We compare our method against many existing ones, including (i) LBP [2] and JointBayes [5], (ii) our baseline deep models (model A- and model B-), and (iii) deep models submitted by other groups. As can be seen from Fig. 8 and Fig. 9, the hand-craft features and shallow model perform poorly. Their accuracies drop sharply with the increasing number of distractors. In addition, the methods based on deep learning perform better than the traditional ones. However, there is still much room for performance improvement. Finally, with the joint supervision of softmax loss and center loss, model C- achieves the best results, not only surpassing the model A- and model B- by a clear margin but also significantly outperforming the other published methods.

To meet the practical demand, face recognition models should achieve high performance against millions of distractors. In this case, only Rank-1 identification rate with at least 1M distractors and verification rate at low false accept rate (e.g., \(10^{-6}\)) are very meaningful [23]. We report the experimental results of different methods in Tables 3 and 4.

Table 3. Identification rates of different methods on MegaFace with 1M distractors.
Table 4. Verification TAR of different methods at \(10^{-6}\) FAR on MegaFace with 1M distractors.
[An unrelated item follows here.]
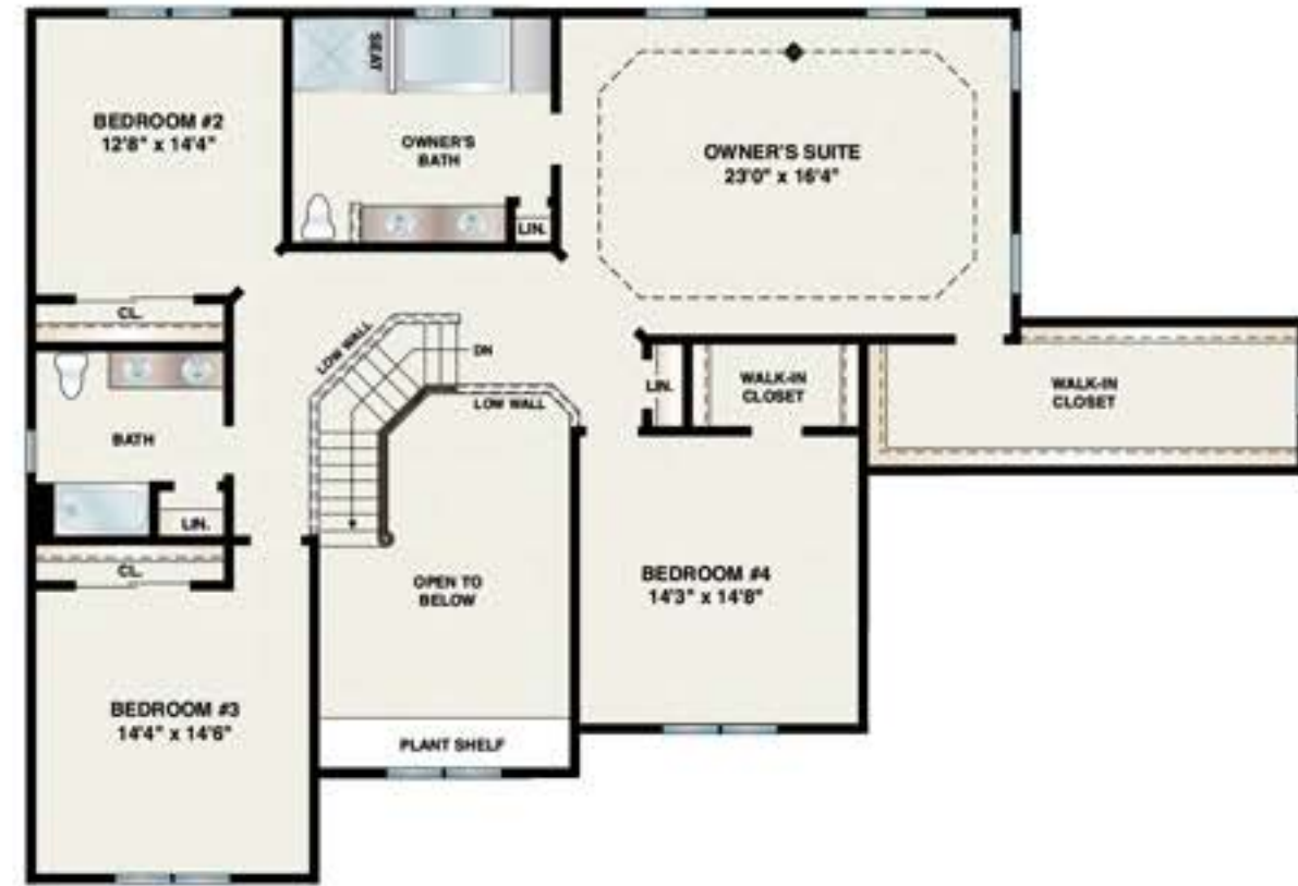
SECOND FLOOR ELEVATION I VINYL

From these results we have the following observations. First, not surprisingly, model C- consistently outperforms model A- and model B- by a significant margin in both face identification and verification tasks, confirming the advantage of the designed loss function. Second, under the evaluation protocol of small training set, the proposed model C- achieves the best results in both face identification and verification tasks, outperforming the 2nd place by 5.97 % on face identification and 10.15 % on face verification, respectively. Moreover, it is worth to note that model C- even surpasses some models trained with large training set (e.g., Beijing Facecall Co.). Last, the models from Google and NTechLAB achieve the best performance under the protocol of large training set. Note that, their private training set (500M for Google and 18M for NTechLAB) are much larger than ours (0.49M).

5 Conclusions

In this paper, we have proposed a new loss function, referred to as center loss. By combining the center loss with the softmax loss to jointly supervise the learning of CNNs, the discriminative power of the deeply learned features can be highly enhanced for robust face recognition. Extensive experiments on several large-scale face benchmarks have convincingly demonstrated the effectiveness of the proposed approach.